REQUIRED WORK: Once the line holding "Handgjord Mastino napoletano-statyett" appears, repeat it and each line after it to the end of the data, exactly and with nothing else; pictures stay out.

DATASET CONTENT:
• • • • • • •

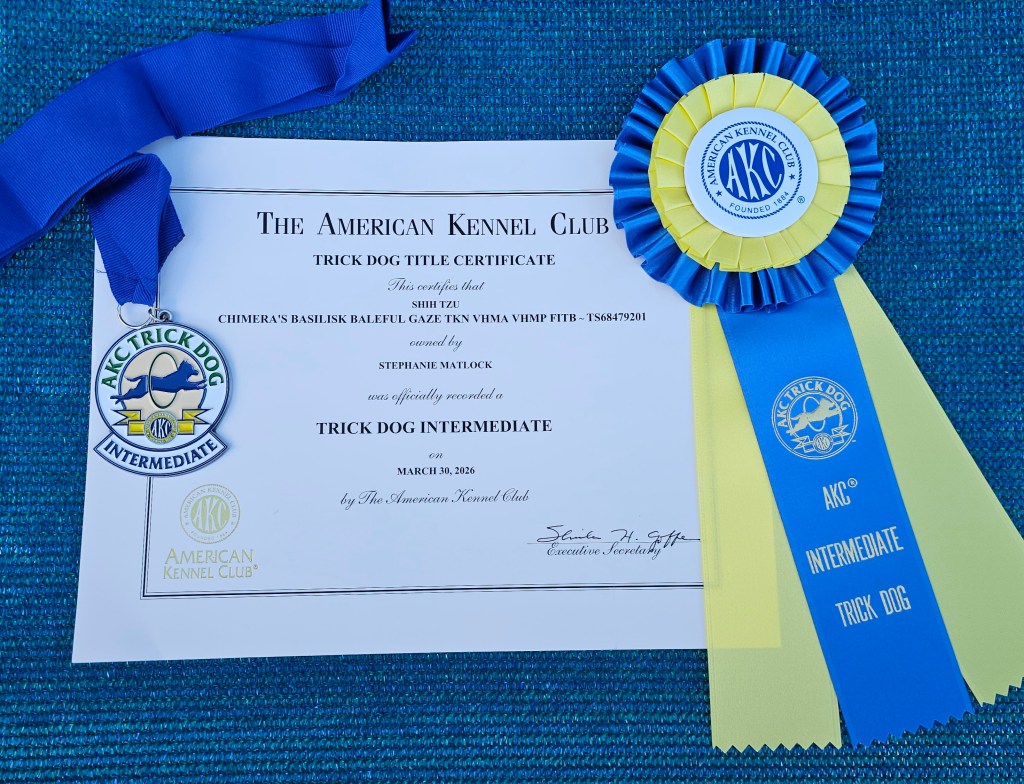 - AKC Intermediate Trick Dog (TKI) – Your dog must have the Novice title, plus perform 10 Intermediate tricks. See the list of tricks here.
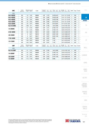 h stock standard, ) check stock EU, f check stock JP, m stock exhaustion UNC TCTR Ø Hole Ø(tolerance)(mm)(mm)CodeTHCHT(chamfer)LF LT THL LU LS DCON K LK(inch)(inch)(inch)(inch)(inch)(inch)(inch)(inch)NOFTypeStockIntro ANSI No.2-56UNC GH2 1.8 1.83 Y86500 2.5P 1.772 - 0.276 0.472 - 0.14 0.11 0.187 2 002 f No.4-40UNC GH2 2.3 2.33 Y86501 2.5P 2.205 - 0.433 0.709 - 0.14 0.11 0.187 2 002 f SP No.5-40UNCNo.6-32UNC GH2 2.6 2.64 Y86502 2.5P 2.205 - 0.433 0.709 - 0.14 0.11 0.187 3 002 f ANSIGH32.82.83Y865032.5P2.205-0.512 0.787-0.140.110.1873002f No.8-32UNC GH3 3.4 3.47 Y86504 2.5P 2.48 - 0.512 0.827 - 0.17 0.131 0.25 3 002 f No.10-24UNC GH3 3.89 3.9 Y86505 2.5P 2.756 - 0.63 0.984 - 0.19 0.152 0.25 3 002 f SL GH3 5.1 5.19 Y86507 2.5P 3.15 - 0.748 1.181 - 0.26 0.191 0.312 3 002 f 1/4-20UNC GH5 5.1 5.19 Y86508 2.5P 3.15 - 0.748 1.181 - 0.26 0.191 0.312 3 002 f 5/16-18UNC GH3 6.6 6.65 Y86512 2.5P 3.543 - 0.866 1.378 - 0.32 0.238 0.375 3 002 f PO GH3 8 8.07 Y86516 2.5P 3.937 - 0.945 1.535 - 0.38 0.286 0.437 3 002 f 3/8-16UNC GH5 8 8.07 Y86517 2.5P 3.937 - 0.945 1.535 - 0.38 0.286 0.437 3 002 f 7/16-14UNC GH3 9.4 9.45 Y86520 2.5P 3.937 - 0.945 - - 0.32 0.242 0.406 3 014 f GH3 10.9 10.91 Y86524 2.5P 4.331 - 1.142 - - 0.37 0.275 0.437 3 014 f ST 1/2-13UNC GH5 10.9 10.91 Y86525 2.5P 4.331 - 1.142 - - 0.37 0.275 0.437 3 007 f UNF TCTR Ø Hole Ø(tolerance)(mm)(mm)CodeTHCHT(chamfer)LF LT THL LU LS DCON K LK(inch)(inch)(inch)(inch)(inch)(inch)(inch)(inch)NOFTypeStock ANSI ROLL No.10-32UNF GH3 4.1 4.12 Y86506 2.5P 2.756 - 0.63 0.984 - 0.19 0.152 0.25 3 002 f GH3 5.5 5.53 Y86509 2.5P 3.15 - 0.748 1.181 - 0.26 0.191 0.312 3 002 f 1/4-28UNF GH4 5.5 5.53 Y86511 2.5P 3.15 - 0.748 1.181 - 0.26 0.191 0.312 3 002 f CARBIDE 3/8-24UNF GH3 8.5 8.57 Y86518 2.5P 3.543 - 0.787 1.535 - 0.38 0.286 0.437 3 002 f 1/2-20UNF GH3 11.5 11.54 Y86526 2.5P 3.937 - 0.866 - - 0.37 0.275 0.437 3 007 f LONG HAND TAPS EG (STI) SPECIAL THREADS, GAUGES THREAD MILLS DIES CENTER DRILLS Technical info The most suitable GH tap class to cut accurate 2B, 3B (UNJ) and 2B oversized internal threads tolerance, depends on application conditions and work-piece materials. Yamawa GH class system offers a wide range of alternative tap classes allowing each customer to select the most suitable one according to application requirement. 187 Check page 673 of Technical info for full details.
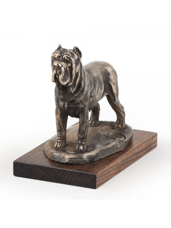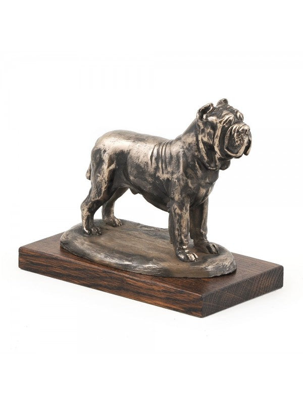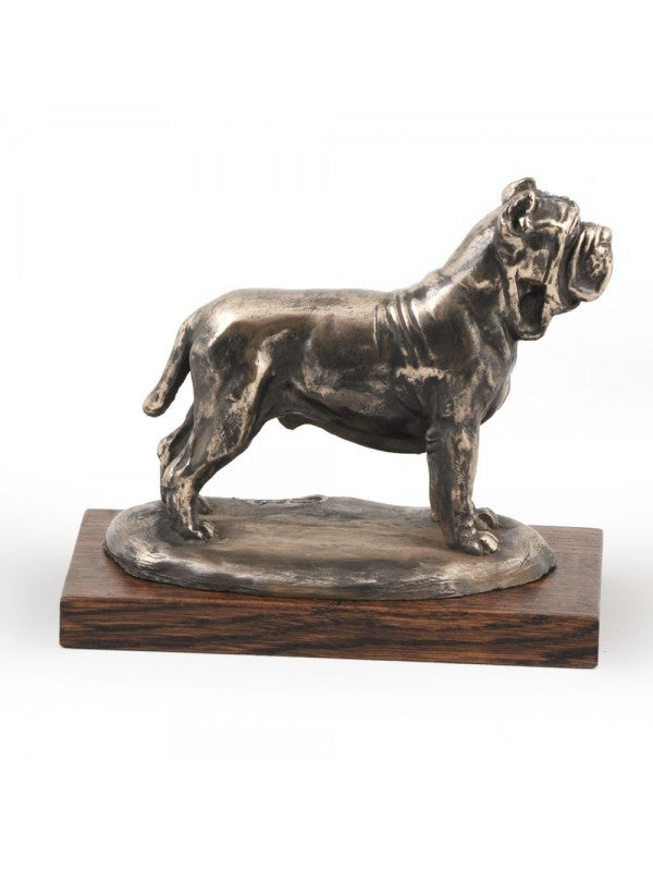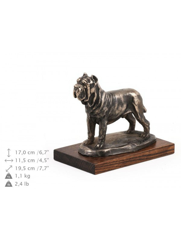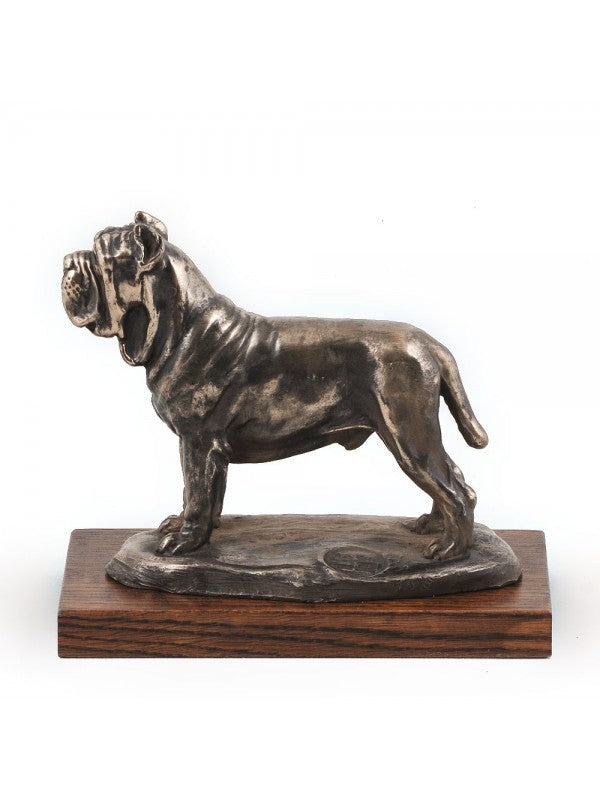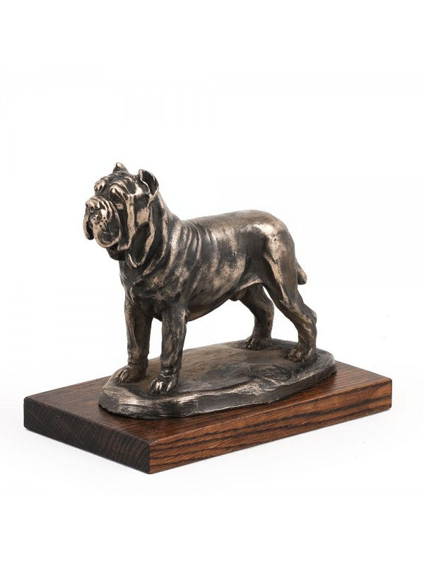 Handgjord Mastino napoletano-statyett i kallstöpt brons med interiör i stark kvarts ståendes på bas i trä i begränsad upplaga.
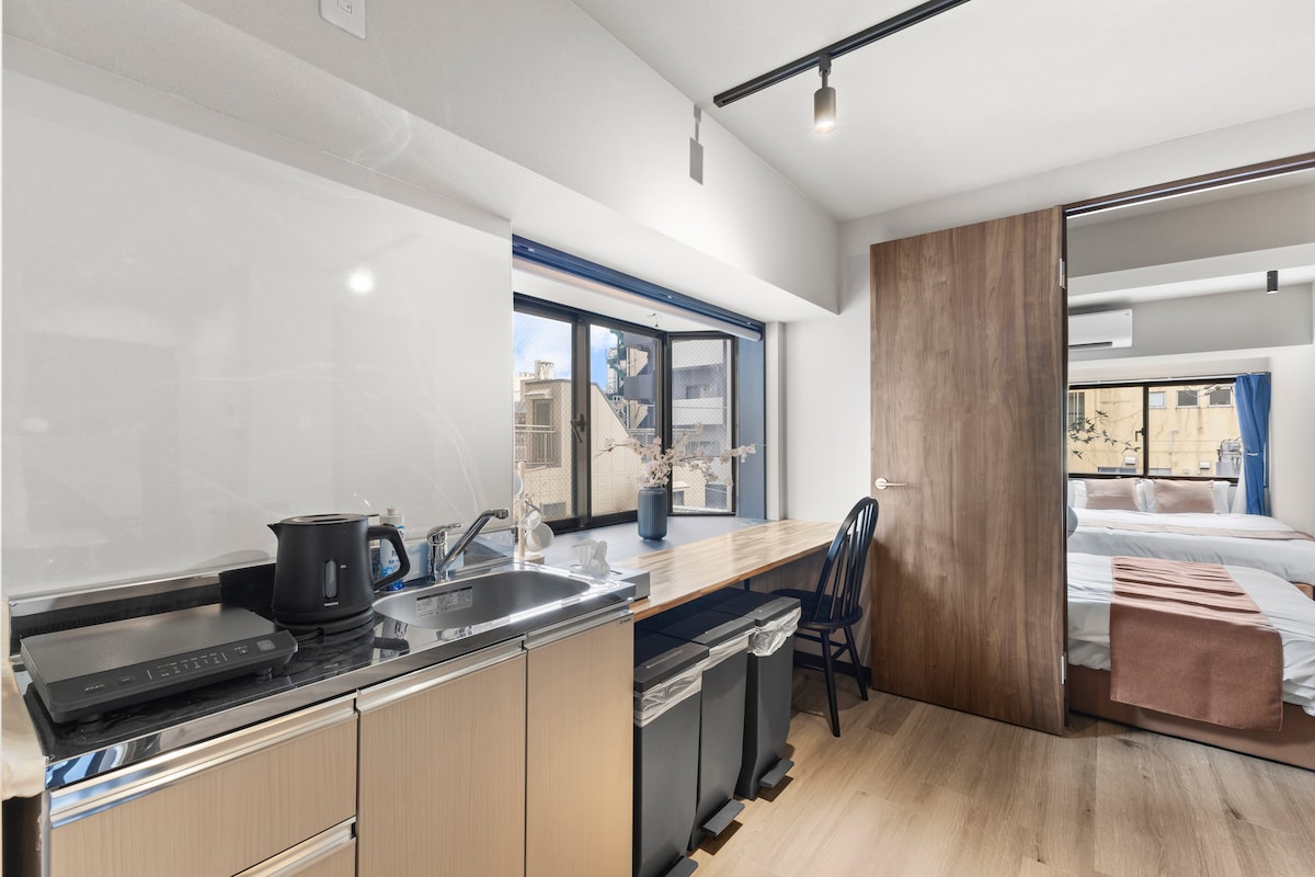 Pau i tranquil·litat · Estudi Japandi de nova construcció | A prop de JR i del metro | Rentadora i assecadora | Ascensor | Emmagatzematge d'equipatge

• • • • • • •

EXERCISE OUTPUT:
 Handgjord Mastino napoletano-statyett i kallstöpt brons med interiör i stark kvarts ståendes på bas i trä i begränsad upplaga.
 Pau i tranquil·litat · Estudi Japandi de nova construcció | A prop de JR i del metro | Rentadora i assecadora | Ascensor | Emmagatzematge d'equipatge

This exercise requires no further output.